In fact, the error “hdmi: scdc scrambling status is reset, trying to reconfigure.” was once reported by some customers on rel-28.1. It turned out the cause of such issue is due to incompatible monitors with tegra. The workaround is in listed in our document “L4T document → Kernel Customization → Display Configuration and bringup → Hard-coding kernel display boot mode for HDMI” Could you take a look at that section?

  1. Is quick hotplug a necessary step for reproducing this issue?

I mean if there is no quick hotplug, would the 4k monitor hits underflow and " dc_poll_register 0x41: timeout" error?

WayneWWW,

1.Could you share what monitors are you using for above test?

The two of the three 4k monitors are below:

  • acer et322qk
  • eizo ev2785

They aren’t listed in “Hard-coding kernel display boot mode for HDMI”. And another one isn’t listed in it, too.
About the error “hdmi: scdc scrambling status is reset, trying to reconfigure”, it didn’t appear with FHD monitor (see the log “d_fhd-monitor.txt” in my previous post).

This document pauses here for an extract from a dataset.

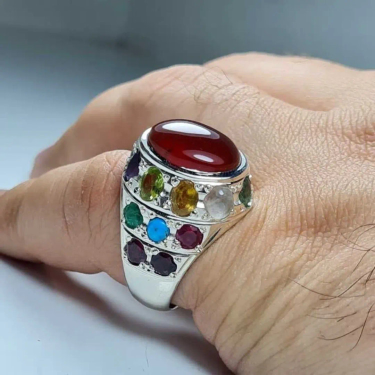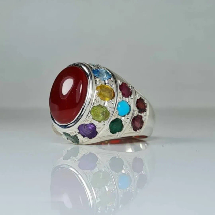 انگشتر نقره مردانه جواهری با سنگ های زمرد ، یاقوت زرد ، سرخ و کبود ، فیروزه ، زبرجد ، دُرّ نجف و گارنت

  1. Is quick hotplug a necessary step for reproducing this issue?

After the previous post, I find quick hotplug isn’t a necessary step.
Unplugging HDMI on certain timing trigger the error.
I made a reproducing script. Could you try it on your devkit?

  • Conditions
  • TX2, BSP R28.2, Devkit
  • added Option TegraReserveDsiplayBandwidth false to /etc/X11/xorg.conf
  • sudo nvpmodel -m 0
  • sudo ./jetson_clocks.sh
  • Connected a monitor via HDMI
  • installed "sleepenh" package for the script
  • Prosedures
sudo su
bash hdmi-toggling-tester_devkit.sh 1.10 1
  • Tested Monitors
  • acer et322qk
  • eizo ev2785
  • another 4k monitor
  • FHD monitor
  • Notes
  • The script uses a "sleepenh" function and linux can't execute them on precise timing so you might need to try several times
  • You might need rewrite of "1.10" to "1.09" or "1.11" etc.

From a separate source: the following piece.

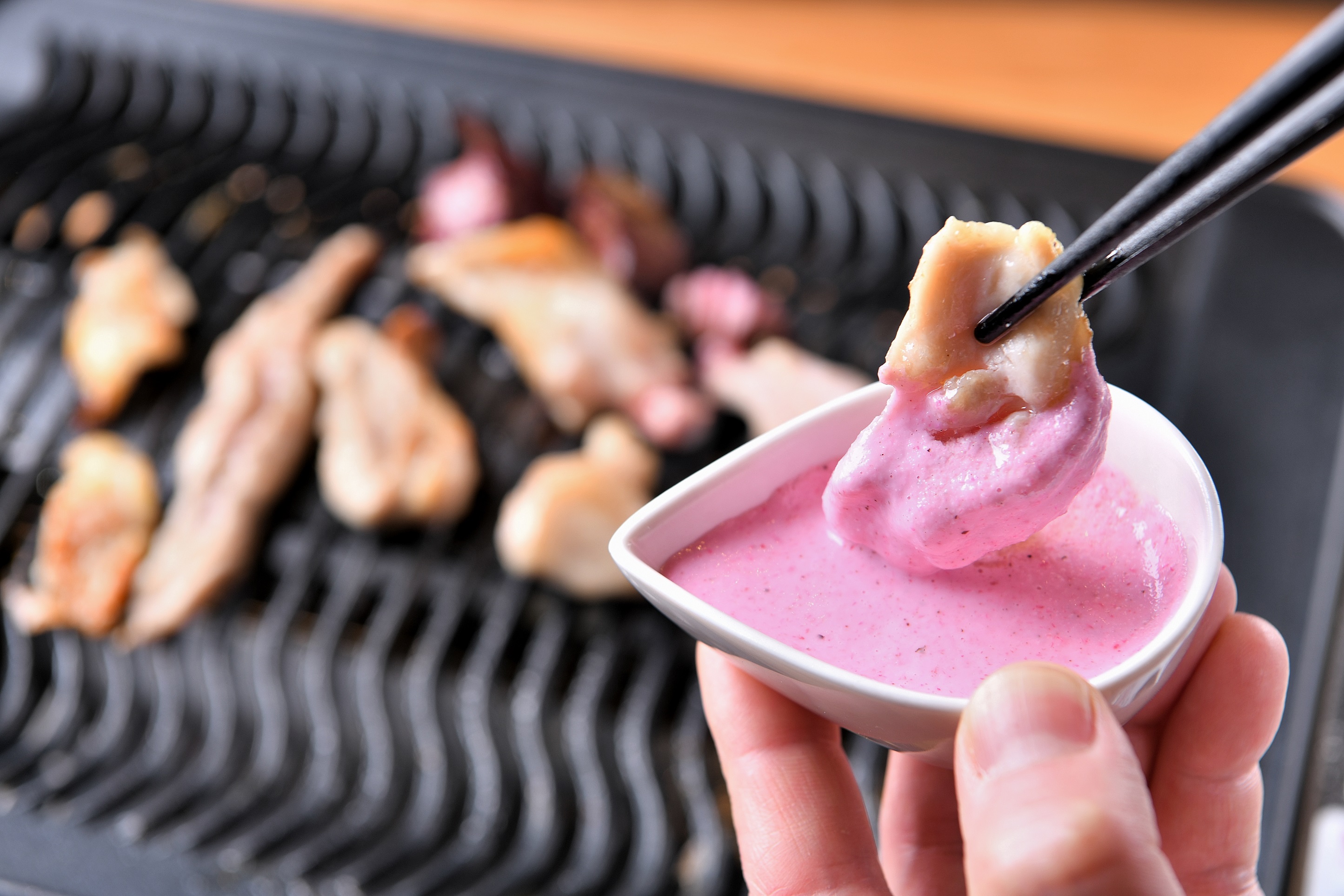 5月15日(水)にオープンする地鶏焼肉専門店「阿波尾鶏 地鶏焼肉専門店 痺鶏 時折り牛」。鶏肉は、甘味とコクがあり、適度な歯ごたえが特徴の徳島県産 阿波尾鶏を使います。目玉となる「鶏焼肉」は、11種の部位を揃え、トサカやセギモなどの希少な部位も今後置く予定です。鶏肉は、下味の揉みダレ4種類(プレーン・痺れ山椒・塩だれ・トマトバジル)からお好みの1種類を選択いただき、焼き上がった鶏肉は、5種類の漬けダレ(焼き鳥のタレ・パクチーポン酢・青唐辛子味噌ダレ・バジルソース・梅カツオにんにくのアイオリソース)で、飽きることなく、味変しながら楽しむことが出来ます。

I also attached a log with FHD monitor.

FHD_log.txt (94 KB)
hdmi-toggling-tester_devkit.sh.txt (1.02 KB)

HI okotar,

Do you indicate that this is not related to specific monitor? The content in this script is also similar to frequently hotplug. I would try this script with my monitors.

Please note that the list on L4T document is just a list of monitors that “nvidia have” or “customer reported”, so not on the list does not mean it could work.

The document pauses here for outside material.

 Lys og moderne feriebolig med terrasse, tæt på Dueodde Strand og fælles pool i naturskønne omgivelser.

The “hdmi: scdc scrambling status is reset, trying to reconfigure” will only show for 4k monitor. Some monitors on the list also hit such error before, that is why I guess your monitor also suffer similar problem.

okotar,

We can reproduce the issue by your script now. Still investigating.

okotar,

I just tried to use a larger interval in your script and found the issue cannot be reproduced.

We need to check if this request is reasonable or not. Does your usecase need such frequency to on/off or hotplug display?

This thread has been very long and the synopsis changes many times, so just want to double confirm your true usecase.

WayneWWW,

No, our usecase doesn’t need frequently hotplug.

Our carrier board with two HDMI ports hits the same error even though it’s used in usual usecases.
One of the usecases is posted in #8 and I suspect that other usual usecases also can hit the error.
I think the cause of the issue on devkit and the cause of the issue on our board are same.

So I’d like to ask you:

  • how to prevent the error
  • how to recover from the error without TX2 restart (if the error is unpreventable)
  • how to detect the error and restart TX2 automatically (if the error is unpreventable and unrecoverable)
  • what the mechanism of the error is. I have to explain to our team why we can/can’t prevent/recover the error.

The script is just for reproducing the error on devkit regardless of monitor.
Ideally, I hope the issue on the script will be fixed completely but I also understand that it’s unusual usecase.

okotar,

The problem here is that the way to repro issue on devkit is not the same way on your carrier board.

In #8, it looks like just a hotplug. Could you repro this issue on devkit by using same method as #8?